On May 8 the Senate rejected a motion to proceed to legislation aimed at keeping the interest rates on federal student loans from doubling this summer. The bill, Stop the Student Loan Interest Rate Hike Act of 2012 (S. 2343), would extend low interest rates on federally subsidized Stafford loans for one year. Stafford loans benefit low- and middle- income students.
The 52-45 vote fell short of the 60 votes needed to proceed, with all Democrats voting in favor except Senator Reid (D- NV), who voted “no” to allow for the procedural ability to request a future vote, and all Republicans voting in opposition except Senator Olympia Snowe (R-ME), who voted “present.”
If Congress fails to act, interest rates on Stafford loans will rise from 3.4 percent to 6.8 percent on July 1. According to the Education Department, the passage of S. 2343 would affect 7.4 million undergraduate students borrowing money this year.
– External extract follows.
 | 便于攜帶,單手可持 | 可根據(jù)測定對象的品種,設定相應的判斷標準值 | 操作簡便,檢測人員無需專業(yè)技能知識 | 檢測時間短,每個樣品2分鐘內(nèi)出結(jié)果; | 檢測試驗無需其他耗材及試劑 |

The legislation presented by Senate Democrats would cover the $6 billion cost of keeping interest rates low by closing tax loopholes for owners of S-corporations, often attorneys or other professionals. Compensation paid from the S-corporation is subject to both employee and employer payroll taxes; corporate profits are not. Some use this tax status to under-report compensation, thereby evading payroll tax payments. Republicans strongly oppose this means of paying for the extension of the low-interest loans.
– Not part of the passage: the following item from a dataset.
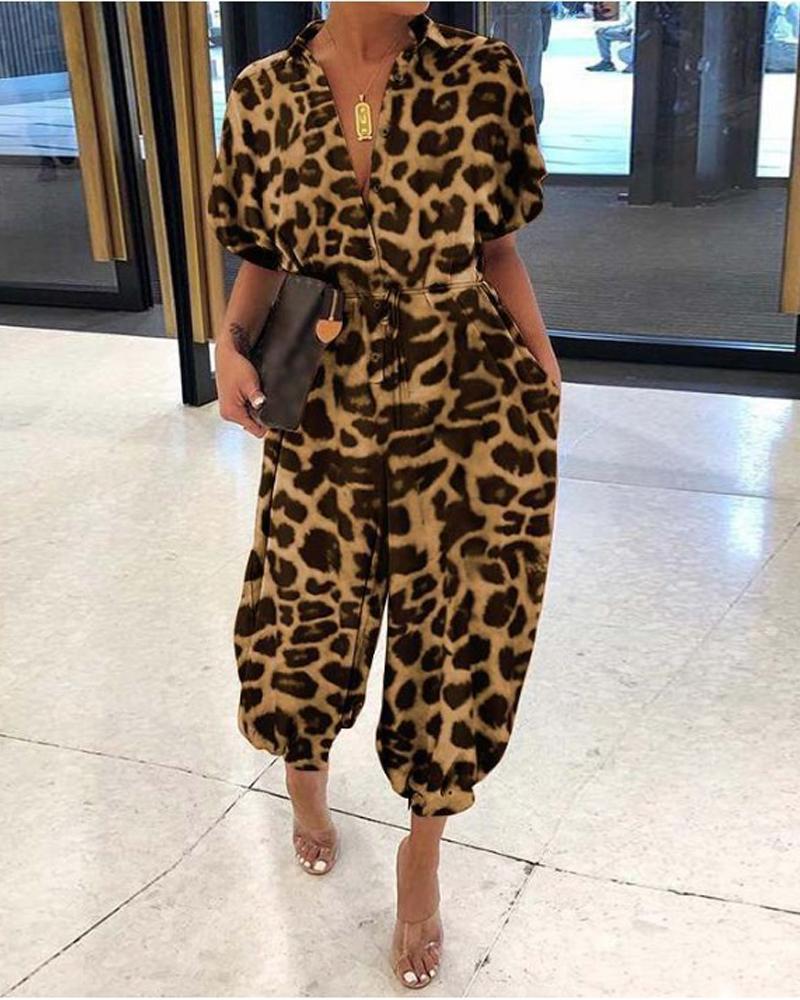 Plus Size Leopard Print Button Front Jumpsuit, Coffee

The House has already passed legislation (H.R. 4628, the Interest Rate Reduction Act) that would prevent student loan rates from increasing. This Republican pay-for strategy uses funds from the Prevention and Public Health Fund in the Affordable Care Act to pay for the extension. H.R. 4628 passed the House 215-195 with thirteen Democrats voting in support and 30 Republicans voting against it. The White House has issued a veto threat for this bill based on the offset, labeling it an effort to undermine health care reform. The Administration called the measure “a politically motivated proposal and not a serious response.”
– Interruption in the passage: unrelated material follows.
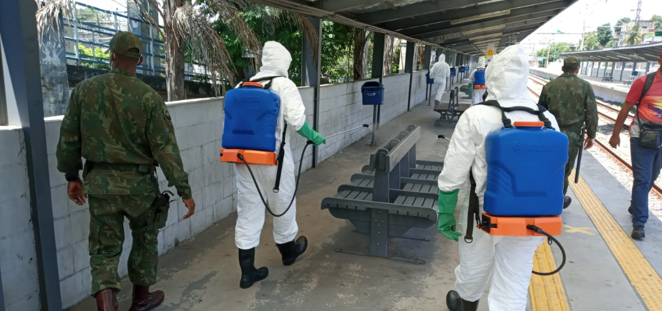 Militares do Exército e da Marinha realizaram nova higienização especial de estações da SuperVia como forma de combater a proliferação do novo coronavírus. Na manhã e na tarde de hoje, o serviço ocorreu nas estações Corte Oito, Ricardo de Albuquerque e Saracuruna.

This measure is not the first threat to low-income students’ educations in recent months. In order to avert a government shutdown, Congress passed a $1 trillion deal (H.R. 3671, the Consolidated Appropriations Act) in December 2011 that made large cuts to Pell Grants for 100,000 students (for more, see this ThinkProgress article). This bill reduced the maximum number of years that students can receive the Pell Grant from nine to six, and reduced the income level under which a student will automatically qualify for the maximum Pell grants from $30,000 to $23,000. Considering this substantial cut, advocates fear that doubled interest rates on Stafford loans would add extra strain on the backs of low-income families.
With the July 1 deadline looming, and bipartisan support for not letting the interest rates double, it is likely that more Congressional action is forthcoming.